■ TRY IT
Carry none of the pictures over; write out the complete data exactly.

■ SOURCE MATERIAL
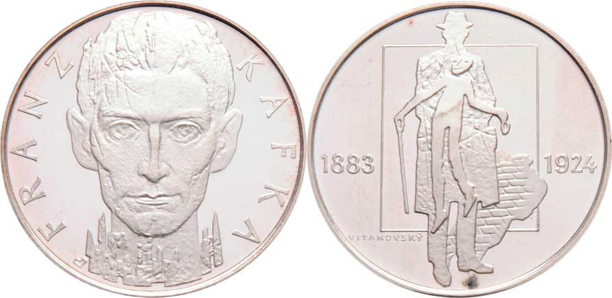 Franz Kafka (1883 - 1924) b.l. - poprsí zpředu, opis / dvě postavy, vročení, Sign., postříbř. bronz 40 mm, skvrnky, kapsle
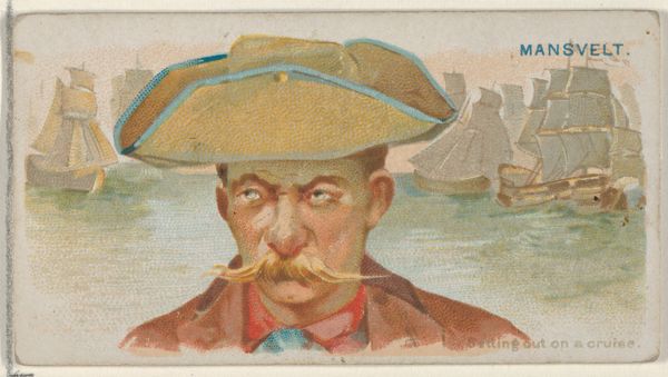 Editor: This small card, titled "Building Castles," shows a seated man in uniform, pipe in mouth, with tents in the background. It feels melancholic. What can you tell me about it? Curator: This card likely originates from the late 19th century. Consider the title, "Building Castles." It suggests dreams, aspirations perhaps deferred in the face of duty or hardship. How does his relaxed pose contrast with the context of military service? Editor: I see what you mean. The title implies a certain futility, too. Curator: Exactly. These images often served as sentimental reminders, both promoting and perhaps subtly critiquing the ideals of nationhood and sacrifice. Thank you, this gives me a lot to think about.
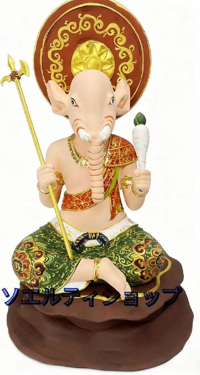 - 【歓喜天 単身坐像】柘植製 聖天 ガネーシャ 仏像 フィギュア 木彫り 置物 総高20cm 極彩色
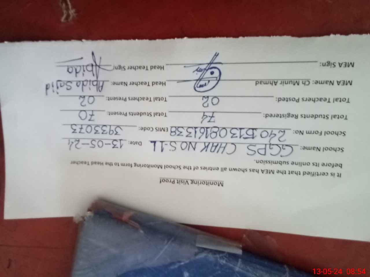 | Attendance Register | Head Teacher | MEA with School | Visit Proof |

■ TASK RESPONSE
 Franz Kafka (1883 - 1924) b.l. - poprsí zpředu, opis / dvě postavy, vročení, Sign., postříbř. bronz 40 mm, skvrnky, kapsle
 Editor: This small card, titled "Building Castles," shows a seated man in uniform, pipe in mouth, with tents in the background. It feels melancholic. What can you tell me about it? Curator: This card likely originates from the late 19th century. Consider the title, "Building Castles." It suggests dreams, aspirations perhaps deferred in the face of duty or hardship. How does his relaxed pose contrast with the context of military service? Editor: I see what you mean. The title implies a certain futility, too. Curator: Exactly. These images often served as sentimental reminders, both promoting and perhaps subtly critiquing the ideals of nationhood and sacrifice. Thank you, this gives me a lot to think about.
 - 【歓喜天 単身坐像】柘植製 聖天 ガネーシャ 仏像 フィギュア 木彫り 置物 総高20cm 極彩色
 | Attendance Register | Head Teacher | MEA with School | Visit Proof |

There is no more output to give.